2020 saw an overnight shift to home-based working, but where were these accommodations when disabled people were asking for them?
For decades disabled and chronically sick people have been requesting the ability to work and study from home, allowing us to take part in employment and education without sacrificing our health.
Surely that’s not too much to ask for?
But apparently it was. Disabled people were told it would cost too much, there wasn’t the funding, there wasn’t the staff power. Simply put, it wasn’t possible. And yet then it was, overnight, with no prior warning or time to find these elusive resources required. It had to be done and so it was.
For many, remote working is seen as restrictive and isolating. I’m not doubting that it can be on an individual level, but for others it can be a vital lifeline. Not everyone can work from home, and not everyone wants to, but not everyone has the flexibility of other options.

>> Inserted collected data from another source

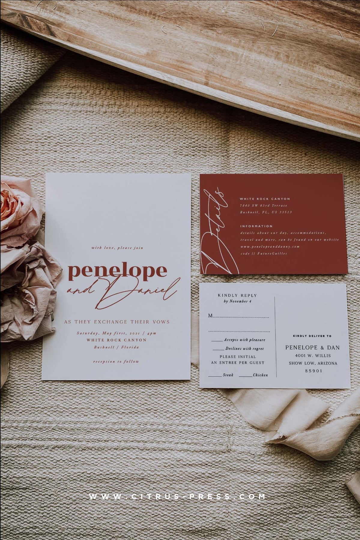 Regular price $0.00Modern and minimal wedding invitation suite called Penelope. Modern fonts and text layouts help make this invitation come to life. That can be in black and white or in shades of rust, sage green, blues or request your own custom colors to suit your wedding day colors.
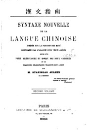 Syntaxe nouvelle de la langue chinoise fondée sur la position des mots, suivie de deux traités sur les particules et les principaux termes de grammaire, d'une table des idiotismes, de fables, de légendes et d'apologues traduits mot à mot
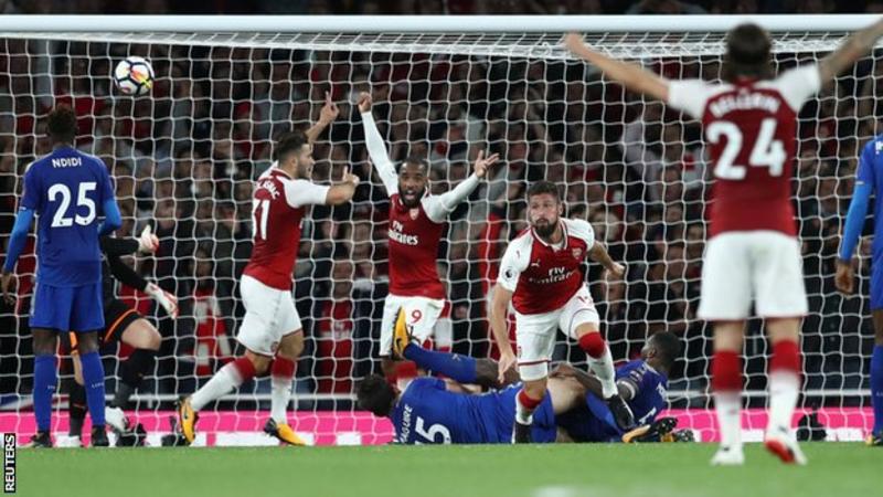 Substitute Olivier Giroud headed in a dramatic late winner as Arsenal fought back to beat Leicester City in a thrilling start to the 2017-18 Premier League season.
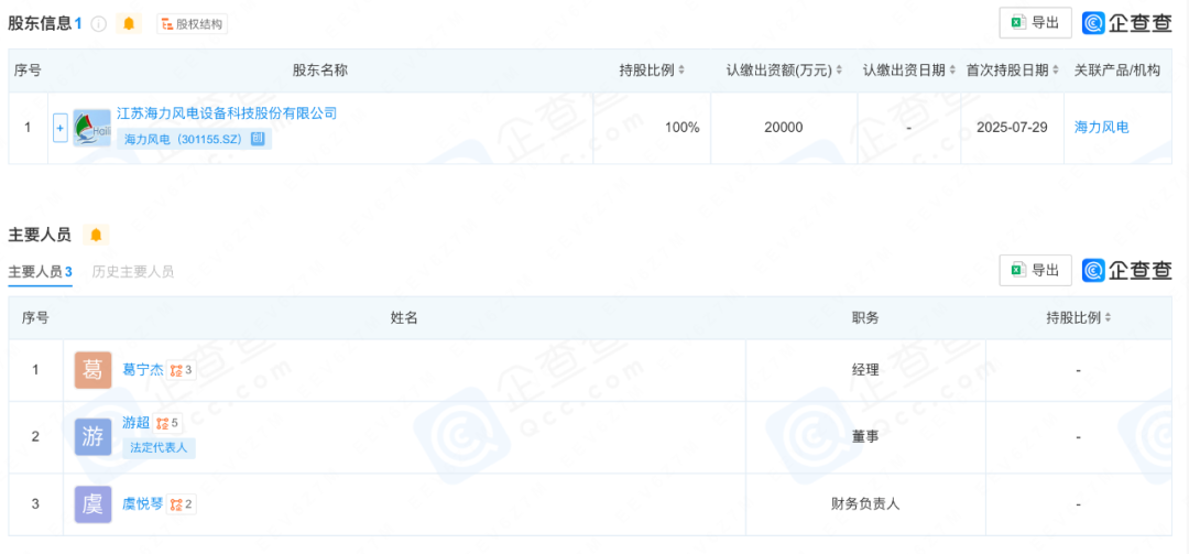 近日,海力海上風(fēng)電裝備(溫州)有限公司成立,法定代表人為游超,注冊(cè)資本為20000萬(wàn)元。新公司經(jīng)營(yíng)范圍包含:新能源原動(dòng)設(shè)備制造;海上風(fēng)電相關(guān)裝備銷售;海洋工程裝備制造;海洋工程裝備銷售;海洋工程平臺(tái)裝備制造;海洋能系統(tǒng)與設(shè)備銷售;海洋能系統(tǒng)與設(shè)備制造;海洋工程關(guān)鍵配套系統(tǒng)開發(fā);海上風(fēng)電相關(guān)系統(tǒng)研發(fā);風(fēng)電場(chǎng)相關(guān)系統(tǒng)研發(fā);風(fēng)電場(chǎng)相關(guān)裝備銷售等。企查查股權(quán)穿透顯示,該公司由江蘇海力風(fēng)電設(shè)備科技股份有限公司100%持股。
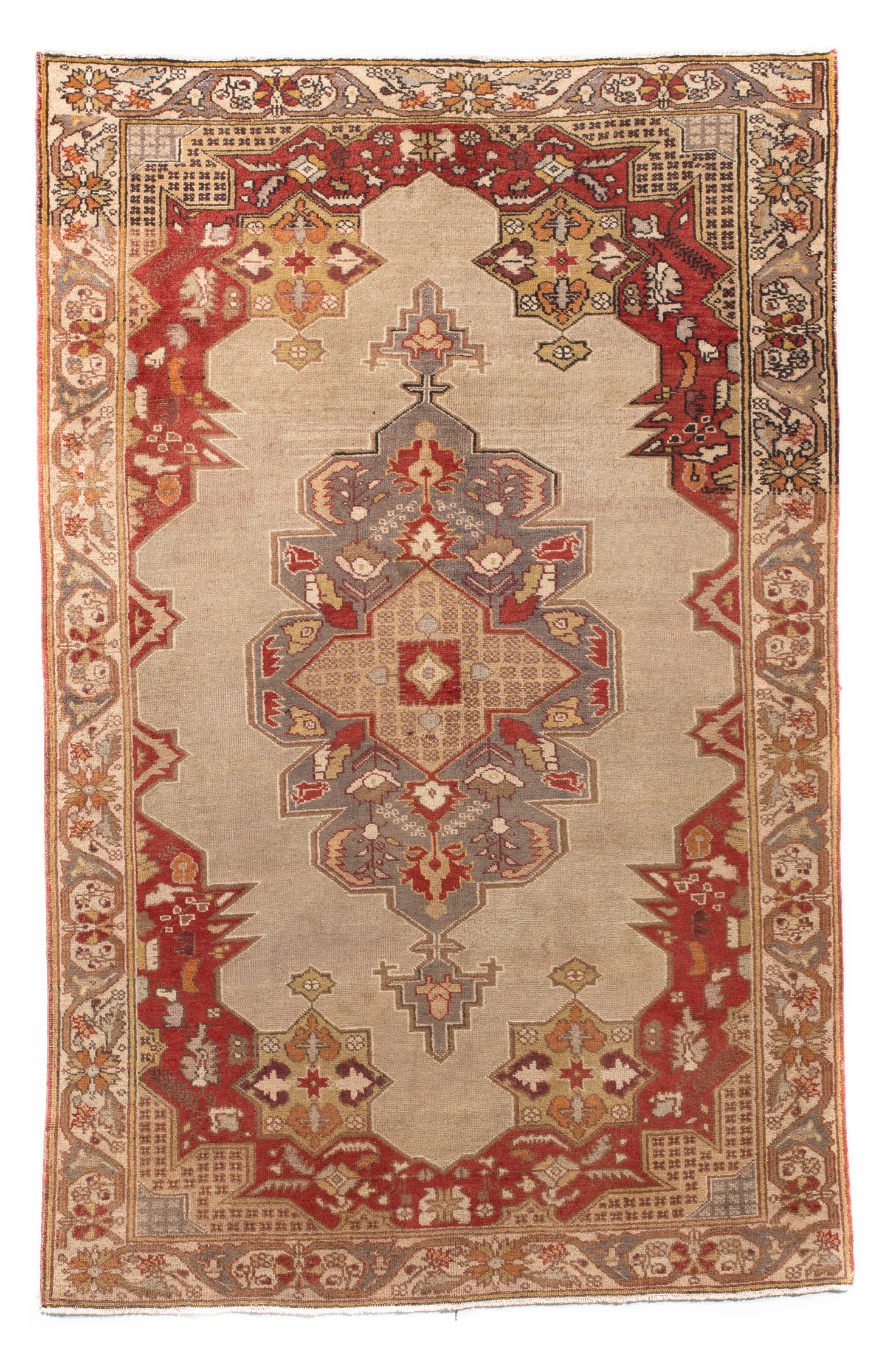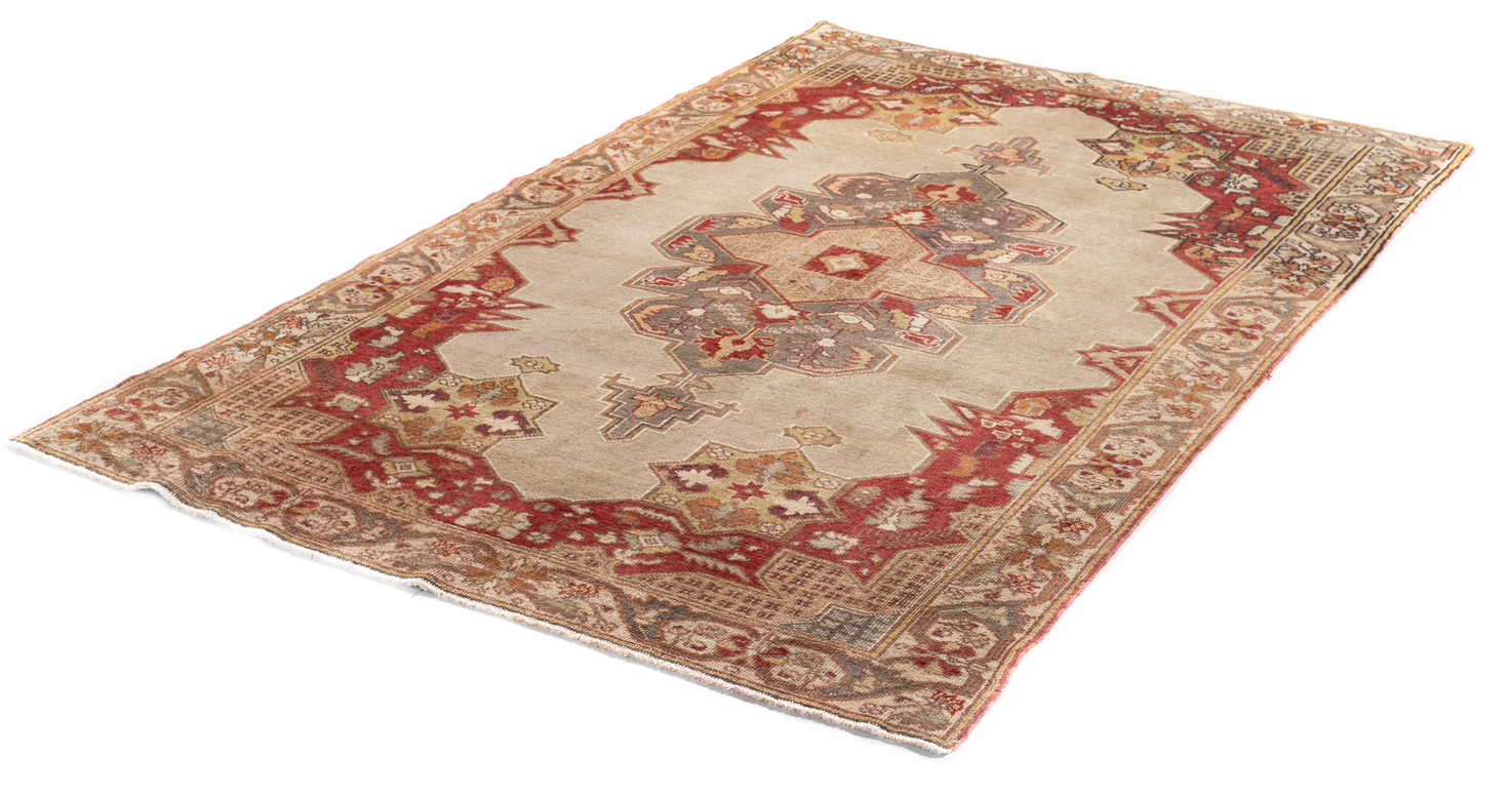 With its red and tan medallion flaring out from the center of the carpet and the corners of the field extend into wavy, floral constructs of red and gold. The blossoms past the palmettes are exquisite, edging the line between the white and the red. The medallion itself is a florid display of petals and color, and the border dives deep into a vine-laced, garden symmetry that pleases the eye.
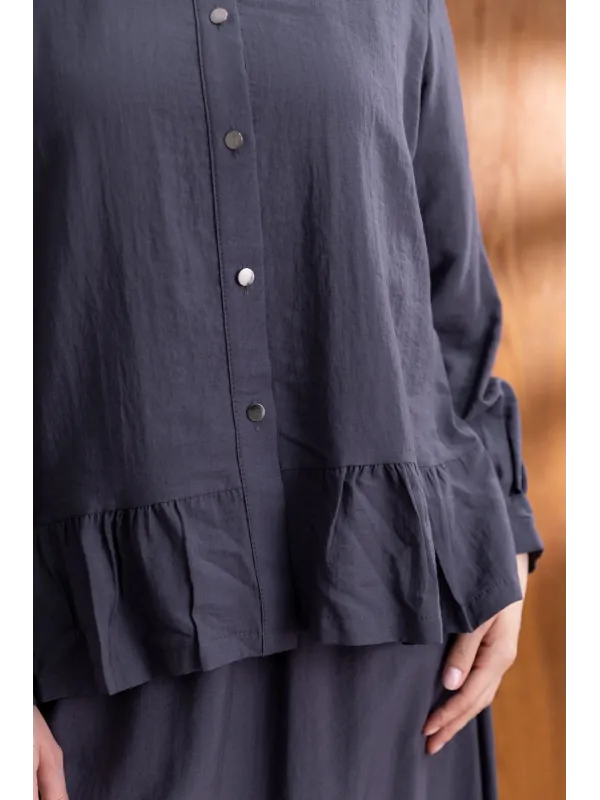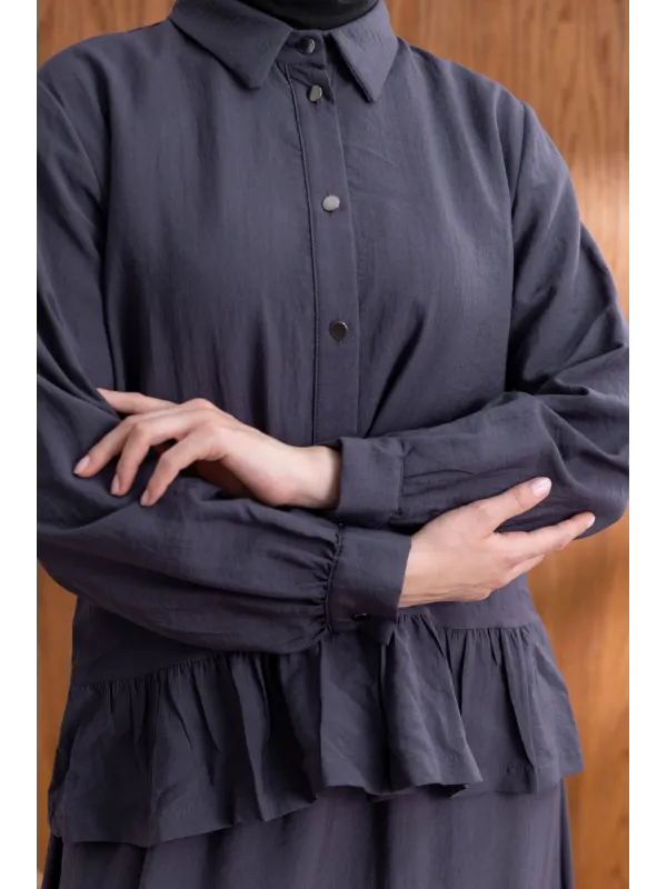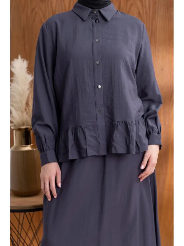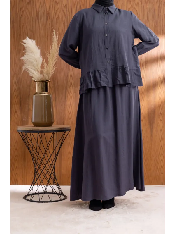FIRFIR DETAYLI GÖMLEK YAKA ETEKLİ TAKIM - ANTRASİT - (Asorti: 46-52)

The key here is options. People deserve options. Now more than ever.
If you’re used to an office-based environment then I can see why home working could seem lonely, where you miss out on casual conversation with colleagues and informal networking. Teamwork might seem stagnated, communication deemed more difficult and processes made more complex. And yet it needn’t be that way.
Advancements in technology mean communication and a sense of community can be forged over screens; just look to how the housebound use social media to battle isolation. Deep, meaningful and vibrant conversations can and do happen online. Is there reason to think corporate conversations should be a different story?
If your company culture doesn’t translate online, and the system doesn’t work when people start working from home, then maybe it never really worked in the way you might have thought. Perhaps an overhaul is needed, a shift towards a more inclusive practise, and that doesn’t have to be a daunting prospect.
Growth is good.
Remote working can help, amongst others, people with disabilities, mental health issues or caring responsibilities. It helps employers expand their pool of potential employees to these people, which in turn will ensure the work the company produces will be more inclusive and representative.
We have insight to offer. We have skills and talent and experiences that hold value. We can help. Accommodations don’t drain resources; they help us add to them. It’s a two-way street, and I’m not after a favour.
Remote working helps local economies, spreading out wealth around the country. It benefits smaller independent businesses and local communities. It can help people’s wellbeing with less time spent commuting and more time for rest and relaxation. Remote working can help the environment with lower emissions.
However it isn’t a one-size-fits-all solution, and for many I’m sure it’s been inherently stressful over the last two years. On an individual basis home-based working isn’t suitable for every one, every role and every industry. But on a corporate culture level, why shouldn’t it be?
Is an office-first approach really necessary? Who does it exclude? Why are we scrambling to go back? I’m willing to bet many issues with current remote-working have a lot more to do with the current climate we find ourselves working through, and not necessarily where our desk sits.
For many with chronic illnesses and disabilities, continuously hearing “this is an office-based position” is yet another door slammed in our face. For many reasons. Heading into the new year, if you're at all involved in recruitment, please question this phrase. Need it be?
For many, offices often aren’t accessible. But they could and should be. Remote working cannot be used as an unjust reason to deny other reasonable adjustments. Many disabled people can, and want to, work in office with the right accommodations in place. These people cannot be side-lined.
But neither can those that need or want to be based from home. For many positions, throughout many industries, it can and does work. If only we would let it.